[Dataset extract]
* * * *
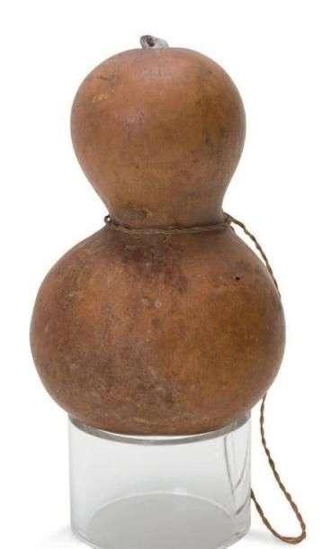 Gourde à eau à double corps superposé. Bouchon formé d'un coquillage et ficelle en fibre pour le portage.
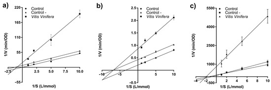 Lineweaver–Burk plot of extracts from Vitis vinifera on three enzymes. ((a) acetylcholinesterase, (b) lipase, and (c) α-glucosidase).
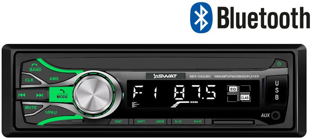 Ниже Вы можете прочитать отзывы на Автомагнитола SWAT MEX-1042UBG, 1 din, мощность 4x50Вт, Bluetooth, USB, SD, черная, ознакомится с подробными характеристиками, посмотреть интересные обзоры и фотографии на Автомагнитола SWAT MEX-1042UBG, 1 din, мощность 4x50Вт, Bluetooth, USB, SD, черная.
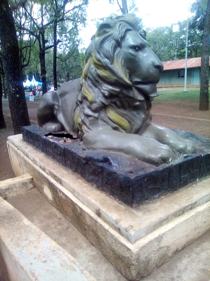 The image displays an outdoor scene in the city of West Sakwa ward, Kenya, featuring a weathered statue of a recumbent lion
* * * *
[Work task] Could you copy exactly, and with no pictures, the lines above from the one containing "Ниже Вы можете" through the last line, both included?

[Written response]
 Ниже Вы можете прочитать отзывы на Автомагнитола SWAT MEX-1042UBG, 1 din, мощность 4x50Вт, Bluetooth, USB, SD, черная, ознакомится с подробными характеристиками, посмотреть интересные обзоры и фотографии на Автомагнитола SWAT MEX-1042UBG, 1 din, мощность 4x50Вт, Bluetooth, USB, SD, черная.
 The image displays an outdoor scene in the city of West Sakwa ward, Kenya, featuring a weathered statue of a recumbent lion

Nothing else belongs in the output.